As you can see, North American players are far less interested in and/or willing to engage in heavy grinds compared to anywhere else.
When PWE gobbled up Cryptic, the people of STO fought pretty hard to keep most of the scumbag Asian MMO elements out of what's largely an American/European/Australian game. I think they won, because while grindy elements exist, they've been implemented in a rather relaxed manner. One that rewards a dedicated grinder sooner, but also, one that gives people with only a little bit of time something of a break. When running the rep grind in STO, your first daily mark reward gives a decent amount of bonus marks. This helps people from falling too far behind if their time is limited, or if they just want to go out and explore, have fun, etc.
CO could learn a big lesson from STO in that regard. That's a nice best-case scenario. Worst case, the alert queues jam up (which happens more often than it should) or the daily is something awful like bursts and only Pyramid Power shows up. Since most people are lazy and want the quick and easy Radiation Rumble, it can be a long wait. All queues also become a lot slower if your hours aren't during peak. As a late-night player, I run into this problem frequently.
As for adventure packs, they not only need to award more, but they should be broken up. They already pass the threshold of "this takes way too long." You also cannot design your game around people who have nothing but time, nor can you assume that they all want to spend most of their gametime grinding. When you present a late-arriving casual players with too much to do in order to catch up, there comes a point when they'll gaze up at the HUGE ceiling before them, sigh, and consider just walking away.
Before the unnecessary Heroic price hike, there were still plenty of grindy elements. Nemesis token gear takes awhile. Had they left Heroic gear's cost unchanged, or only increased it slightly, GCR gear would still be another large grind. Heroic gear was starter gear, suitable for casual players or those uninterested in grinds to call "good enough." Those who want more out of their character could use it as a starting point to grind for real gear.
But no.

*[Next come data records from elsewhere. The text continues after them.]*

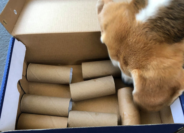 Put your dog’s usual dry food into toilet rolls (if you’ve got any!) and place them into a shoebox. Watch that nose work!
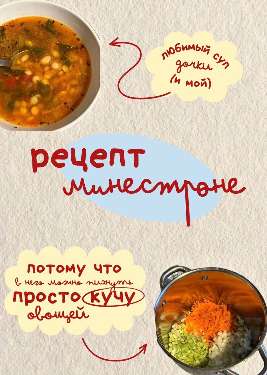 😁 Давно у нас не было супов, сейчас у Сони в топе минестроне🤌 Хочу поделиться, потому что раньше, когда я его готовила, занята была каждая емкость в доме под овощи, которые надо добавлять в разное время и т.д и т.п Но стоило убрать один из углеводов - картошку (а зачем он нам, там же уже есть паста😎) и процесс стал сильно проще и быстрее 🌟граммовки не пишу, так как все зависит от того, какого объема ваша кастрюля Итак, ингредиенты: ⚪️Куриный бульон ⚪️Морковь ⚪️Лук ⚪️Сельдерей ⚪️Томатная паста ⚪️Помидоры ⚪️Фасоль ⚪️Шпинат ⚪️Брокколи/цветная капуста ⚪️Укроп/петрушка/кинза на ваш вкус ⚪️Орегано/базилик/лавровый лист ⚪️Любимая паста (здесь птитим, но можно любую, хочу попробовать детскую фигурную) ⚪️Сыр для подачи Приготовление: 🌟 В кастрюле пассируем морковку, лук и сельдерей на оливковом масле до золотистого цвета 🌟 Добавляем томатную пасту (маленькой упаковки 70 г вполне достаточно), обжариваем еще немного 🌟 Добавляем помидоры и фасоль. Первые сначала надо очистить от кожуры.
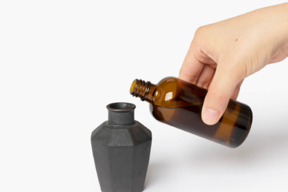 和紙がアロマオイルを吸収することで香りを楽しめます。ポットは長崎の波佐見焼、オイルは国産のオイルとヨーロッパ産のオイルを佐賀で調合したものが使われています。
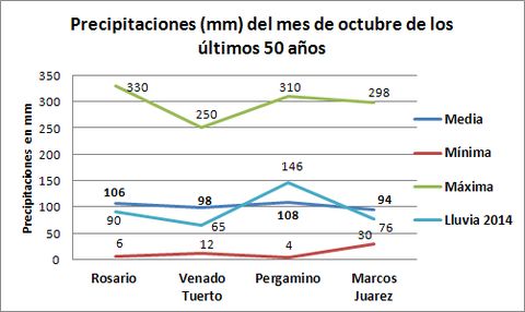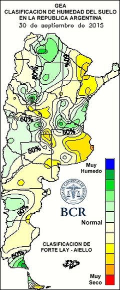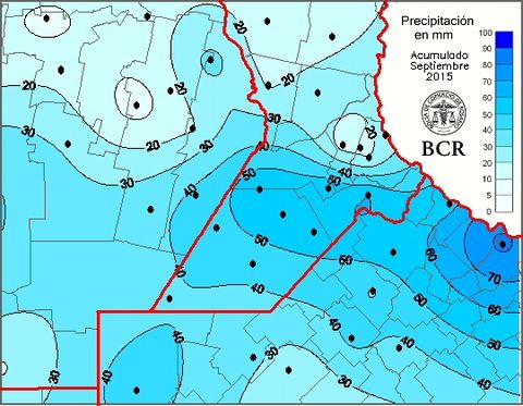 Setiembre cerró por debajo de los promedios de precipitaciones al rever los datos que van de 1970. Esto ayudó a reestablecer a muchos lotes de posiciones topográficas intermedias y bajas pero los trigos del oeste de la región necesitan agua y, a la vez, hay zonas en Córdoba, como las aledañas a Leones, que siguen con bajos y áreas anegadas. Es una paradoja que la misma agua que hace falta para poner en marcha el ciclo agrícola de los granos gruesos y afianzar el rinde de trigo podría traer serios problemas de excesos.

Now, it's "grind, no matter what type of player you are." Thinking that it's acceptable for low-tier crap like Heroic gear to be as grind as it is right now borders on hilarious.

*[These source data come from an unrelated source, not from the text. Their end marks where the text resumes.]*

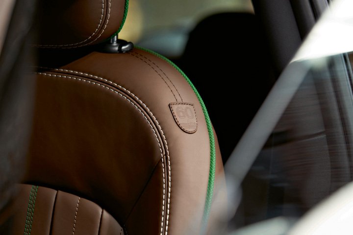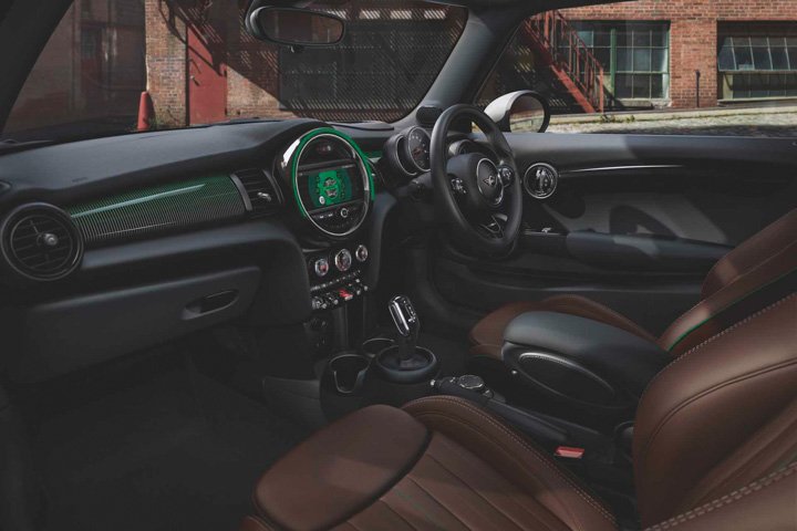 There’s a sense of occasion too; the ’60 Years’ logo projects from the exterior wing mirrors, while the themed door sill welcomes the driver inside. The interior upholstery brings the retro feel into the modern era; the hand-stitched MINI Walknappa Leather steering is a contrast to the Dark Maroon seats with bold white and green stitches with green piping. The ’60 Years’ logo is also placed on the shoulders of the front seats and at the bottom of the steering wheel.
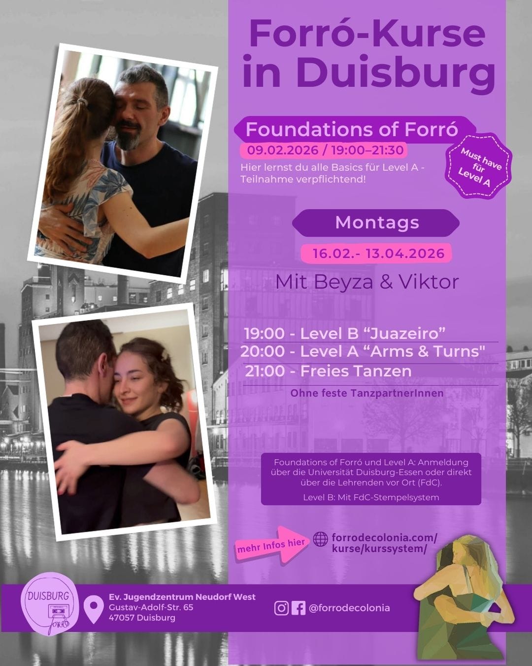 In Duisburg finden die Kurse mit Carolina, Beyza and Viktor Montags statt.
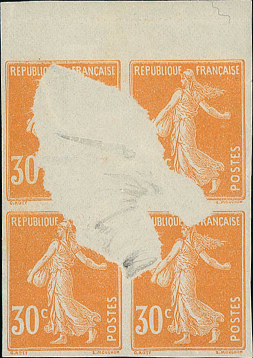 30c. orange, imperforate block of four from the top of the sheet, defective impression affecting all four stamps, original gum, natural paper flaws. Spectacular. Spink Maury 141. Photo

I can't think of too many people (those with limited play time, that is) who want to spend their hour or so per day just doing this small set of missions over and over. Seems like a way to drive players away.
My super cool CC build and how to use it.
Doing the same things over and over again in an MMO is a way to drive players away? Then how do you explain the entire MMO industry? If what you say is true, then shouldn't the entire MMO industry, including the big king, be driving all players away considering the entire thing is based around doing the same thing over and over, quite often the same things every time you log on?
Heck, we were talking about people who make alts weren't we? Do they have different missions to do every time they redo the journey to level 40? Doing the same things over and over is the bread and butter of the genre we're discussing. Why does CO suddenly have to be different?
My super cool CC build and how to use it.
As for "players getting into the end game right away"... well, you hit level 40 and now you can get into the end game.
My super cool CC build and how to use it.
PWE is a Chinese company. PWE owns Cryptic Studios. It's not unreasonable to think that PWE's Chinese Overlords on high aren't handing down orders, or at least recommendations, on how they want the games under their banner to be managed. While true, CO's grinds are nothing like those seen on other PWE games such as Forsaken World (thankfully), my point is that "long grinds" aren't all MMOs should be about, especially when you take the target demographic into account.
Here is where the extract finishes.